Поскольку в нашей жизни наличествуют какой-то покой и отдохновение (так как человек ведь не в силах трудиться непрерывно), то существует некоторая умеренность и при отдыхе. Ведь если ты станешь избегать всякого развлечения, то окажешься неотесанным, если же начнешь хвататься за любой повод для веселья до такой степени, что не будешь оберегать ни своего достоинства, ни своей чести, то ты, как шут, можешь сам вызвать насмешки. Между тем в том случае, если соблюдается умеренность, появляется некая удаленная от этих крайностей добродетель, которая называется обходительностью. Итак, существует три пары пороков, которых необходимо избегать в обществе; а именно, чтобы мы не становились для других людей ни ненавистными противниками, ни угодливыми подхалимами; чтобы мы не завирались, кичась, а также не использовали иронию ради принижения остальных; кроме того, чтобы мы не оказывались неотесанными людьми и шутами.

Справедливость – двойственна. Одна справедливость – [62] coвершенная, и она включает в себя всякую добродетель. Вторая же справедливость является частной и представляет собой соразмерность. Соразмерность же заключается в том, чтобы не предпринимать ничего больше того, что нужно для достижения пользы, и ничего меньше того, иначе возникли бы неудобства».

Здесь он заметил: «Я прошу, чтобы ты еще разъяснил мне это место, хотя бы бегло и кратко. Мне хочется понять (если только я не докучаю тебе этим), почему ты называешь справедливость совершенной добродетелью, Или, может быть, все остальные добродетели, о которых ты рассказывал раньше, несовершенны? Даже смелость, которую ты так украсил словами, не является совершенной? Если же указанные добродетели – совершенны, то я не вполне понимаю, по какой же причине ты приписываешь совершенство ей, а не им?»

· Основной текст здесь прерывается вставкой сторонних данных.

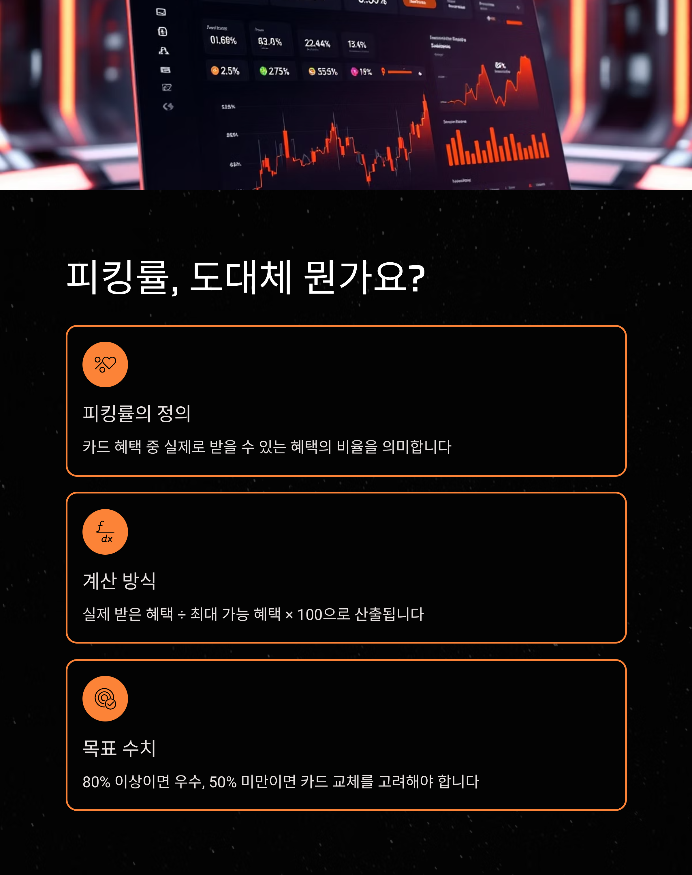 (월 총 혜택 금액 ÷ 월 총 카드 사용 금액) × 100 = 피킹률(%)

Я отвечаю: «Ты, конечно, возражаешь справедливо. Но не все может получить объяснение в этом рассуждении, да еще и попутно освободить от заблуждений. Ведь я уже сказал, что нашей задачей является не глубокое проникновение в проблемы этой науки (в каждую по отдельности), но только то, чтобы мы, подобно наставникам, внесли в нее хоть какую-то приблизительную ясность и понимание. Что же касается того, о чем ты сейчас меня спрашиваешь, а именно, о совершенной добродетели, то ты должен понять следующее: добродетель именуется совершенной в двух значениях. В первом – чтобы противопоставить добродетель врожденным свойствам. Ведь не вызывает сомнения то, что мы приближаемся к справедливости, смелости, умеренности, щедрости, будучи как бы приспособленными к ним от природы. Однако опыт, и привычки, и также сама практика, как мы говорили выше о лошади, таким образом нас настраивают, чтобы в конечном счете то, что было заложено в нас от рождения, стало бы совершенным уже благодаря привычке.

Итак, всякая моральная добродетель является совершенной, и все остальные – в не меньшей степени, чем сама справедливость.

В другом же смысле совершенной мы называем ту добродетель, которая заключает в себе всякую другую. Такова справедливость, о которой мы говорили раньше.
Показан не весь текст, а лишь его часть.